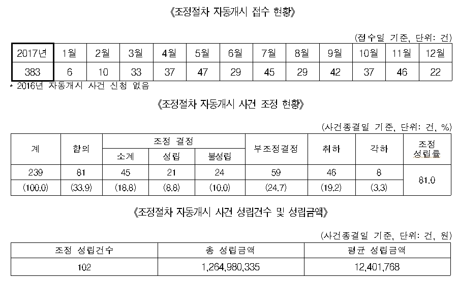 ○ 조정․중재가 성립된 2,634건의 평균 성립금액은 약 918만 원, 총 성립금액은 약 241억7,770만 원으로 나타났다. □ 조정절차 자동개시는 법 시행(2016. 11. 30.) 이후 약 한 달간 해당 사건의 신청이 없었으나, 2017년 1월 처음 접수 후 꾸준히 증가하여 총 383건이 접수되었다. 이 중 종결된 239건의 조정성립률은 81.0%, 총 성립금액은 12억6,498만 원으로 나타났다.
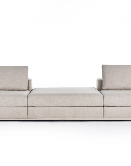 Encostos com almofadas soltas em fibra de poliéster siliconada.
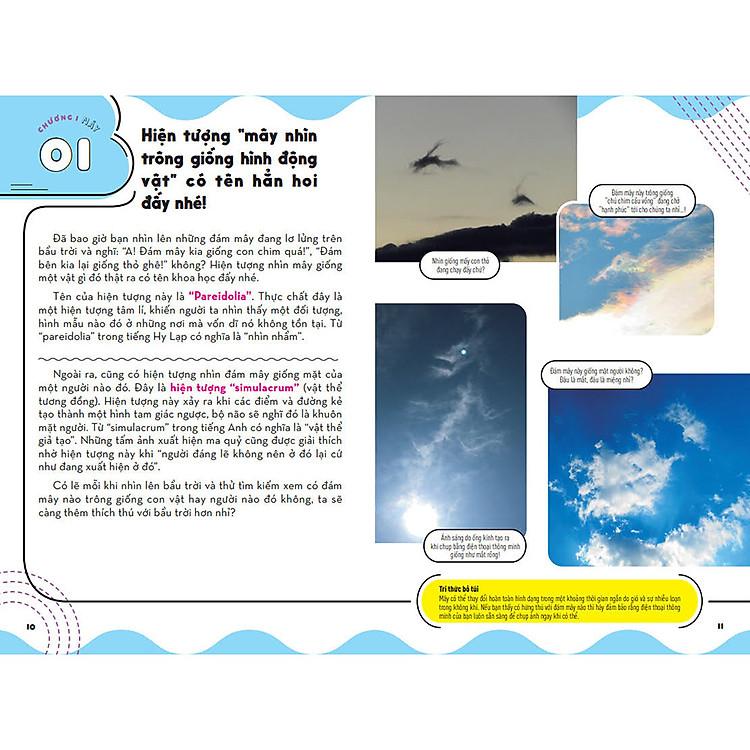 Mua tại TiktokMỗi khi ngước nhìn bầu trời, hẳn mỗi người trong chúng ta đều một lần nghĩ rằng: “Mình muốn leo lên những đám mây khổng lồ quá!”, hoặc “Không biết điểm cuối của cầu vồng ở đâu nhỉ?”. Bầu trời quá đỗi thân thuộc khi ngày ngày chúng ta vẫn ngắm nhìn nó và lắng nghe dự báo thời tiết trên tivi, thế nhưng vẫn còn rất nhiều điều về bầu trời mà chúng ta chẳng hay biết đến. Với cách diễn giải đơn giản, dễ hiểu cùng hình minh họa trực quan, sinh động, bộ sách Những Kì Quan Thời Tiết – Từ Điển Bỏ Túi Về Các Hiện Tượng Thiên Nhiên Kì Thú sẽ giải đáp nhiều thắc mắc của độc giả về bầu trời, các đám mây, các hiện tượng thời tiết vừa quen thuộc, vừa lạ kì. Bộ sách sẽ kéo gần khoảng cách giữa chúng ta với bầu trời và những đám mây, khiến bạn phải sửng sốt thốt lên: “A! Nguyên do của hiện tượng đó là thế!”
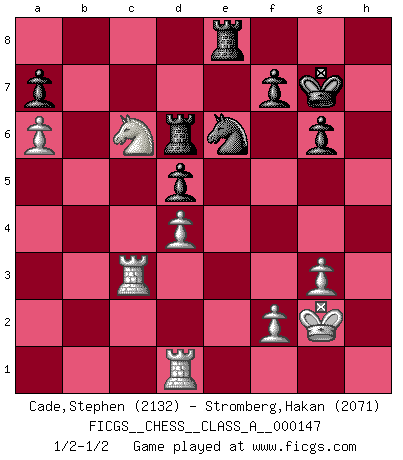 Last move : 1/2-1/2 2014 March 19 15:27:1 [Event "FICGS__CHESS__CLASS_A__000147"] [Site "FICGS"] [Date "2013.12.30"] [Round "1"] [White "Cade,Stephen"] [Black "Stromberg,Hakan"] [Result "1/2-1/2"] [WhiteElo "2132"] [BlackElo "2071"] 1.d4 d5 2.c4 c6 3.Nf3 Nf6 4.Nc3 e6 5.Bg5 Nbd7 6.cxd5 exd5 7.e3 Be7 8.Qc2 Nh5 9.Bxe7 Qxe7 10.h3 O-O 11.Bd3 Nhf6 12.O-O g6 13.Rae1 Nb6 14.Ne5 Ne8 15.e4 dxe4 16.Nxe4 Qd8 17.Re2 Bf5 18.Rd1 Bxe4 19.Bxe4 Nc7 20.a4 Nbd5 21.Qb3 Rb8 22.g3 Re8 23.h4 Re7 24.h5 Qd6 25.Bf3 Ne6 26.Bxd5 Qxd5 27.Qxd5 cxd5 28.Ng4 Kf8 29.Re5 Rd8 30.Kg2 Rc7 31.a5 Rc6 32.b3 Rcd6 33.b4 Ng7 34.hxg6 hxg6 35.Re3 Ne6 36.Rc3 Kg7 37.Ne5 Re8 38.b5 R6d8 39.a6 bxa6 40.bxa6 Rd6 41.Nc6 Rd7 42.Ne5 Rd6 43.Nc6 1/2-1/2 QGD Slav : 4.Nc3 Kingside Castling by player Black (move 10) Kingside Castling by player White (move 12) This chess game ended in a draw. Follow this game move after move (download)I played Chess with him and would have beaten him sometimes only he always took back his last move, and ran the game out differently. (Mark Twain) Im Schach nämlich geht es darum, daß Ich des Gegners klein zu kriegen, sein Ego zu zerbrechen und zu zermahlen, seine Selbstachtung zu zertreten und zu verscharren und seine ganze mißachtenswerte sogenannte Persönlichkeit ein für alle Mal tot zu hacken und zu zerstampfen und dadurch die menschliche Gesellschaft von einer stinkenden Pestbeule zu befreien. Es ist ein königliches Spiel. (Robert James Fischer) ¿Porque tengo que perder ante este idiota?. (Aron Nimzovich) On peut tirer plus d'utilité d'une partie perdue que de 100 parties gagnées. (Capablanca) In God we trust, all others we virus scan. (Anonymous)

_Exercise goal_.
This exercise asks for an exact copy of the lines from the first one in the data through the line that contains "Encostos com almofadas", pictures excluded.

_Written answer_.
 ○ 조정․중재가 성립된 2,634건의 평균 성립금액은 약 918만 원, 총 성립금액은 약 241억7,770만 원으로 나타났다. □ 조정절차 자동개시는 법 시행(2016. 11. 30.) 이후 약 한 달간 해당 사건의 신청이 없었으나, 2017년 1월 처음 접수 후 꾸준히 증가하여 총 383건이 접수되었다. 이 중 종결된 239건의 조정성립률은 81.0%, 총 성립금액은 12억6,498만 원으로 나타났다.
 Encostos com almofadas soltas em fibra de poliéster siliconada.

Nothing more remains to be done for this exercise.